**MATERIAL SUPPLIED**.
···

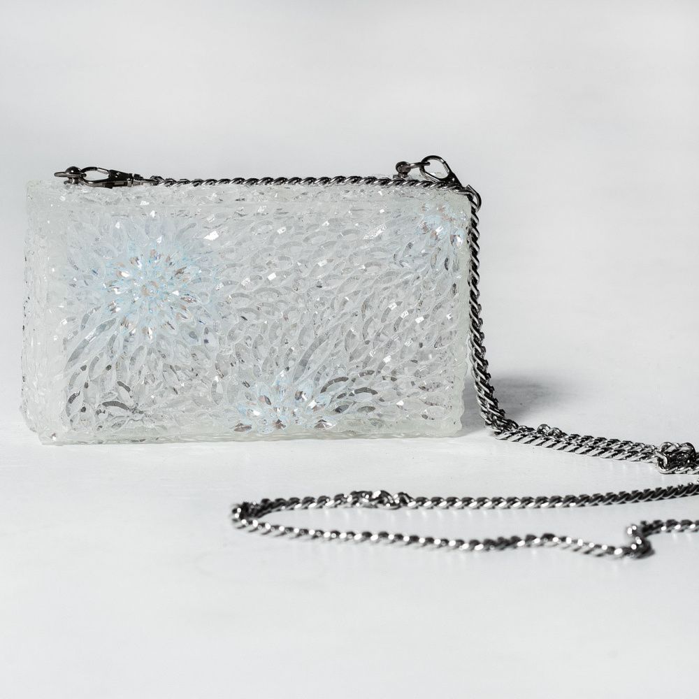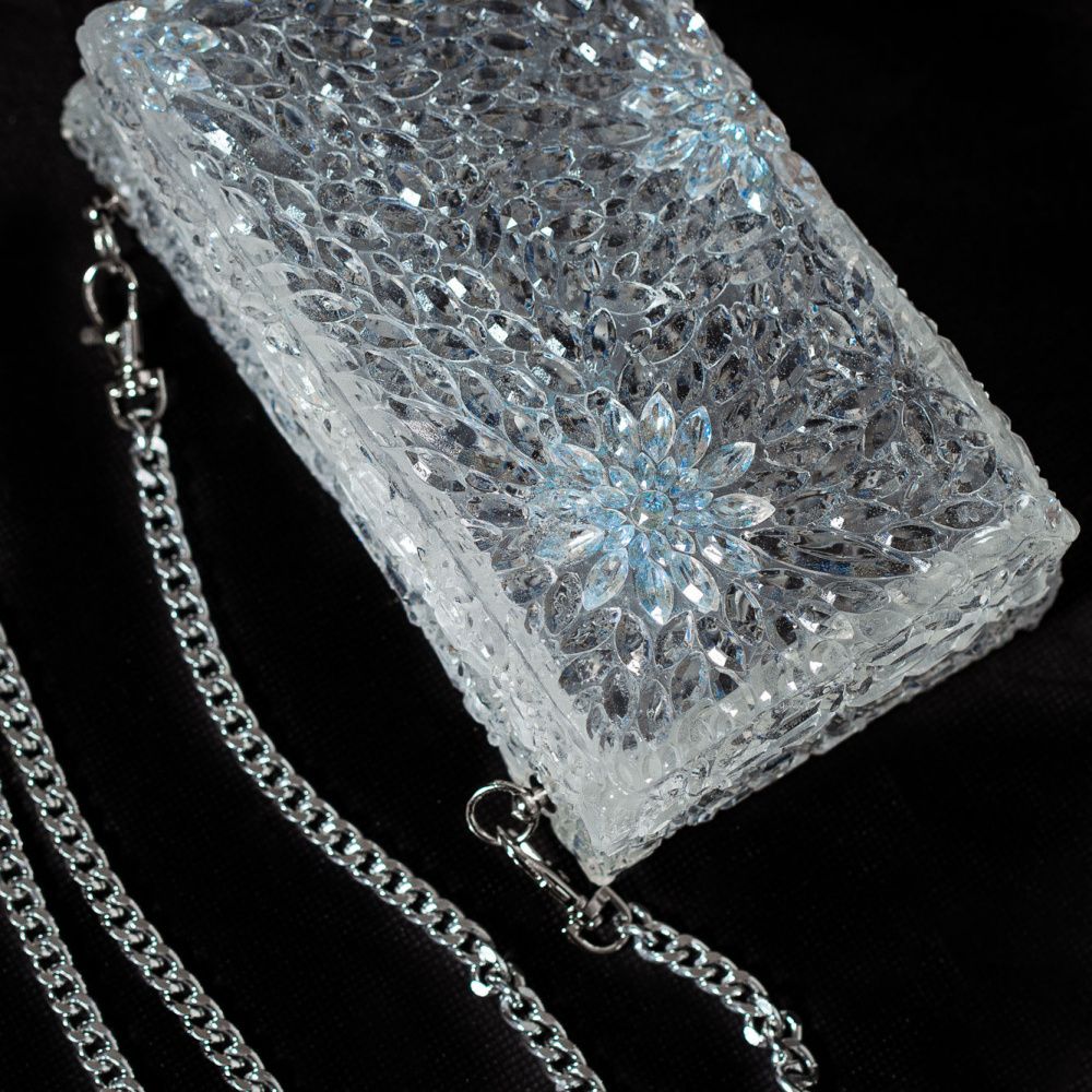 Сумочка отлита из эпоксидный смолы имитирующей хрусталь с вставками кристаллов Swarovski в цвете Crystal Ignite.
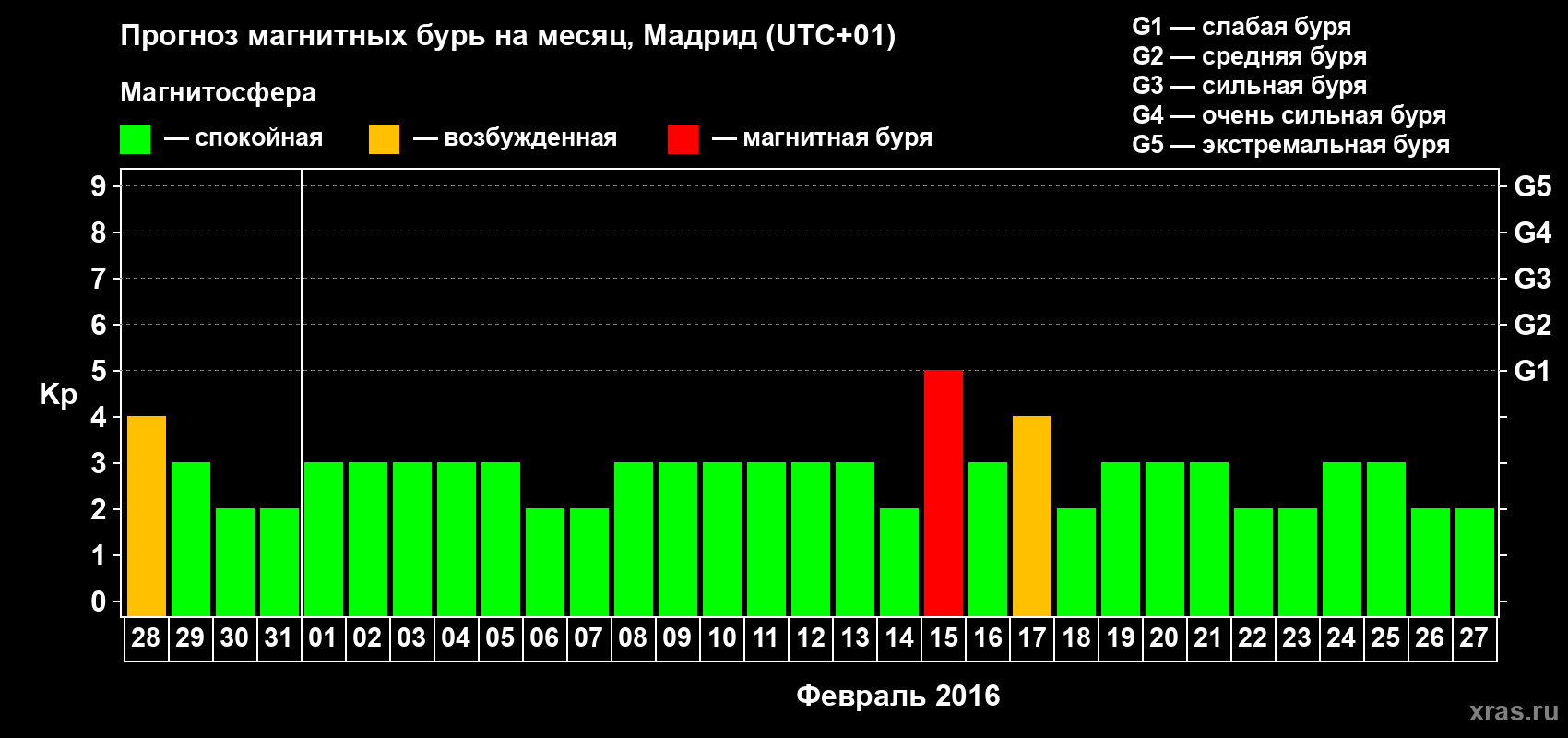 Прогноз магнитных бурь в Мадриде — 28 января 2016 года
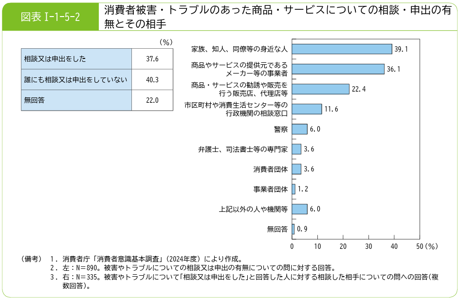 消費者トラブルに遭った際の「相談行動」にも焦点が当てられています。調査によると、消費者被害の経験者のうち実際に誰かに相談した人は全体の37.6%にとどまり、4割を超える人が誰にも相談していないことがわかりました。
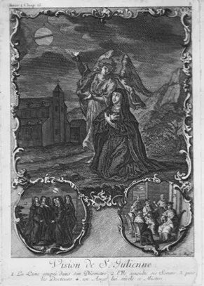 livre 1. Chap. 16 Das Bild zeigt drei Szenen aus dem Leben der hl. Juliane von Lüttich. Jede hat einen Rocaillen-Rahmen. Danach könnte der Stich um 1745 entstanden sein. Der Entwerfer hat zwar einige Schwierigkeiten in der Perspektive (vgl. Kirche im Hintergrund), aber in den Personendarstellungen wirkt er recht souverän. Die Anregung zur Schaffung des Fronleichnamsfestes geht auf eine Vision der hl. Juliana 1209 zurück: Sie sah den Mond, der an einer Stelle verdunkelt war. Christus erklärte ihr, dass der Mond das Kirchenjahr bedeutet und der dunkle Fleck das Fehlen eines Festes des Altarsakraments meint. In allen drei Szenen ist hier dieser Mond zu sehen.
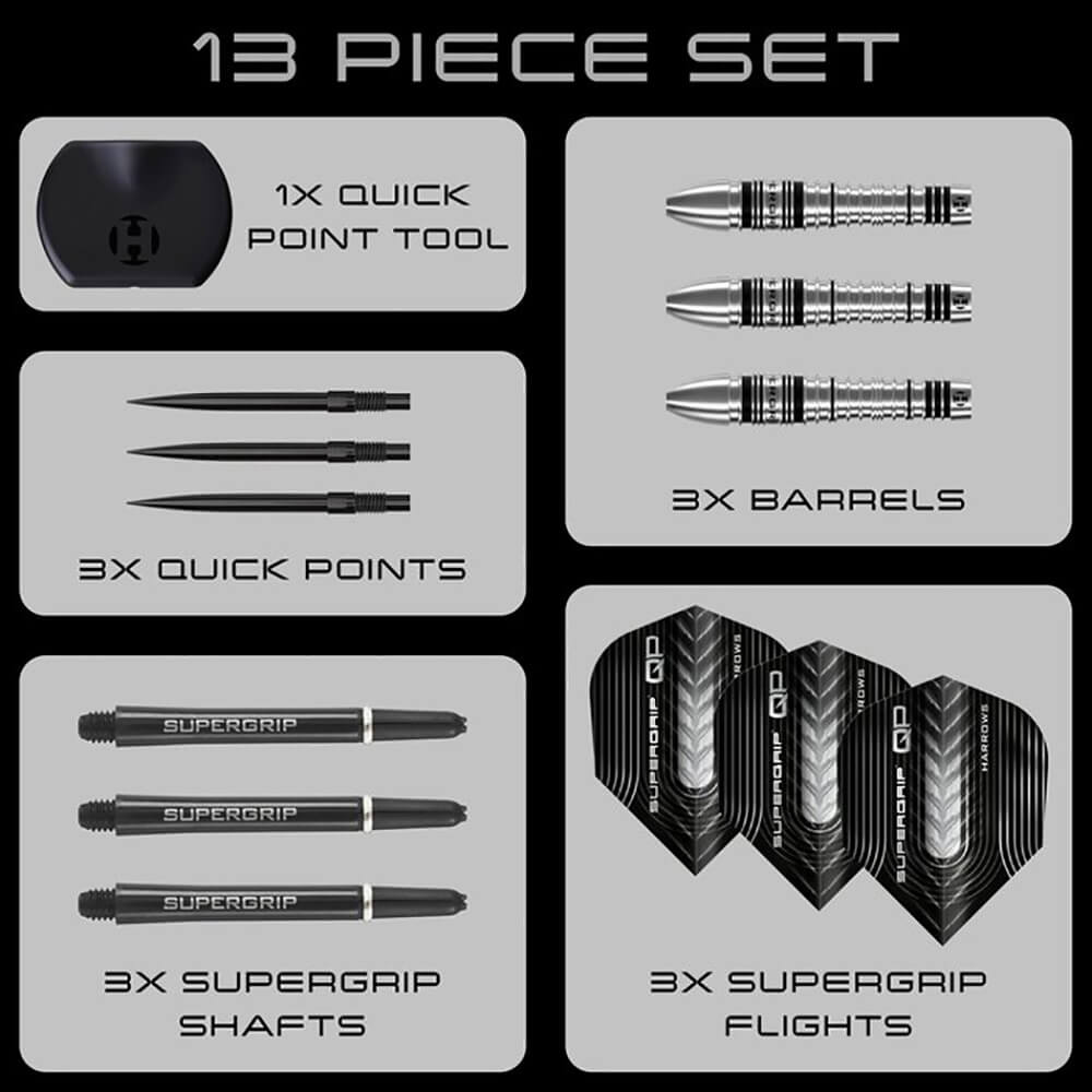 El dardos se compone por 1 set de 3 cuerpos Harrows Darts Supergrip Bomb Quick Point, 1 set de 3 cañas Harrows Supergrip Negro y 1 set de 3 plumas Supergrip Bomb Quick Point original Harrows Darts

···

**EXERCISE BRIEF**.
For this task, give the full listing again verbatim and keep out every picture.

**FINAL ANSWER**.
 Сумочка отлита из эпоксидный смолы имитирующей хрусталь с вставками кристаллов Swarovski в цвете Crystal Ignite.
 Прогноз магнитных бурь в Мадриде — 28 января 2016 года
 消費者トラブルに遭った際の「相談行動」にも焦点が当てられています。調査によると、消費者被害の経験者のうち実際に誰かに相談した人は全体の37.6%にとどまり、4割を超える人が誰にも相談していないことがわかりました。
 livre 1. Chap. 16 Das Bild zeigt drei Szenen aus dem Leben der hl. Juliane von Lüttich. Jede hat einen Rocaillen-Rahmen. Danach könnte der Stich um 1745 entstanden sein. Der Entwerfer hat zwar einige Schwierigkeiten in der Perspektive (vgl. Kirche im Hintergrund), aber in den Personendarstellungen wirkt er recht souverän. Die Anregung zur Schaffung des Fronleichnamsfestes geht auf eine Vision der hl. Juliana 1209 zurück: Sie sah den Mond, der an einer Stelle verdunkelt war. Christus erklärte ihr, dass der Mond das Kirchenjahr bedeutet und der dunkle Fleck das Fehlen eines Festes des Altarsakraments meint. In allen drei Szenen ist hier dieser Mond zu sehen.
 El dardos se compone por 1 set de 3 cuerpos Harrows Darts Supergrip Bomb Quick Point, 1 set de 3 cañas Harrows Supergrip Negro y 1 set de 3 plumas Supergrip Bomb Quick Point original Harrows Darts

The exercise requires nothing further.